BRADY: Santorum's reputation as a culture warrior developed over time. Back in the 1970s, as a college Republican, he was more interested in the game of politics. Then in the early '80s, he was known as a capable legislative aide to a Pennsylvania state senator. In 1990, at 32 years old, Santorum successfully campaigned to unseat a veteran Democratic congressman. But even then, gay rights and abortion were not big issues in the campaign. Four years later, Santorum shocked the political establishment again by winning a U.S. Senate seat.
CHRIS BORICK: You know, one of Rick Santorum's secrets to success is simply a dogged work ethic.
BRADY: Muhlenberg College political scientist Chris Borick says when it comes to campaigning, Santorum is a master at the style of one-on-one politics required in places like Iowa and New Hampshire. As a U.S. senator, Borick says Santorum rose to leadership over two terms, becoming the third-ranking Republican.

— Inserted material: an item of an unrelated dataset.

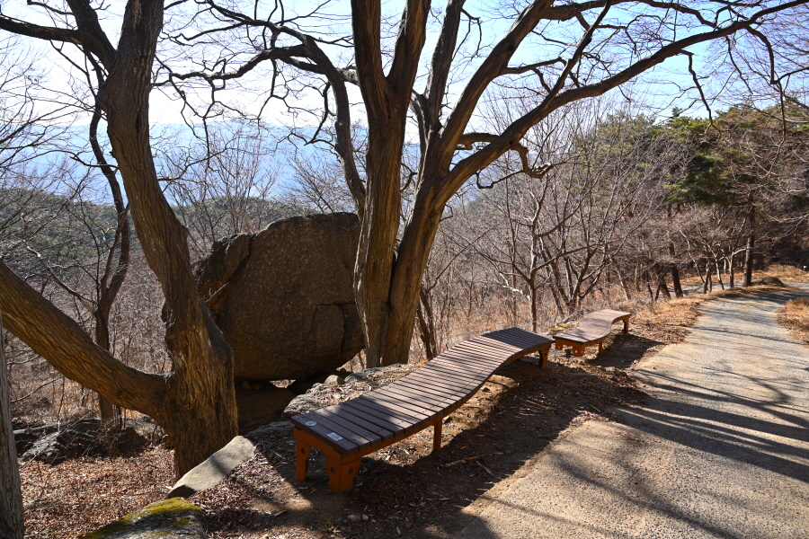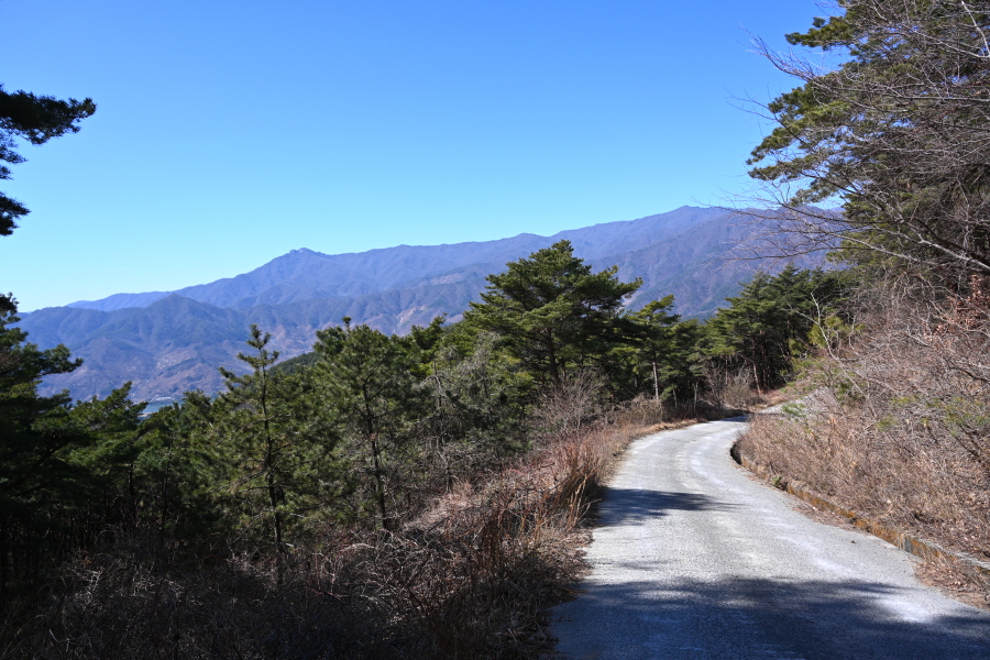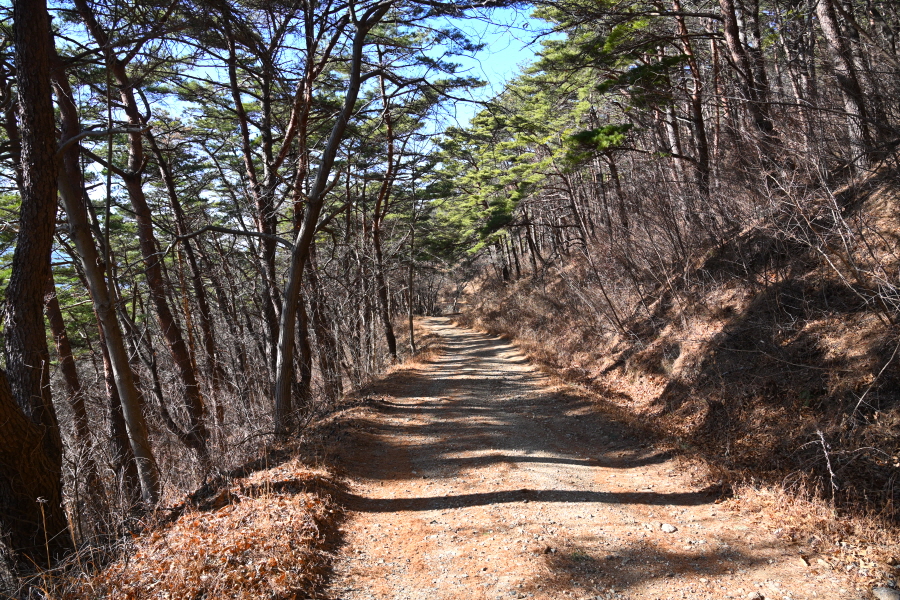 살짝 오르막길이 이어집니다. 왼쪽에 소설 ‘토지’의 무대인 악양들의 부부 소나무를 빼 닮은 먹점마을 부부 소나무가 눈길을 끕니다. 구불구불한 임도는 비포장 흙길로 바뀝니다. 주차장에서 30분이면 임도 삼거리인 먹점재에 도착합니다.

BORICK: As he emerged as a national figure, it was the cultural matters that came to define him and really create a world where you either loved or hated Rick Santorum.
BRADY: By 2006, a majority of Pennsylvania voters decided they'd had enough. In a bad year for Republicans, Santorum's defeat was still notable. He lost by more than 17 points. Borick says for most politicians, that would have been the end of their political career. But five years later, Santorum is back and still surprising people with his success. Jeff Brady, NPR News, Philadelphia.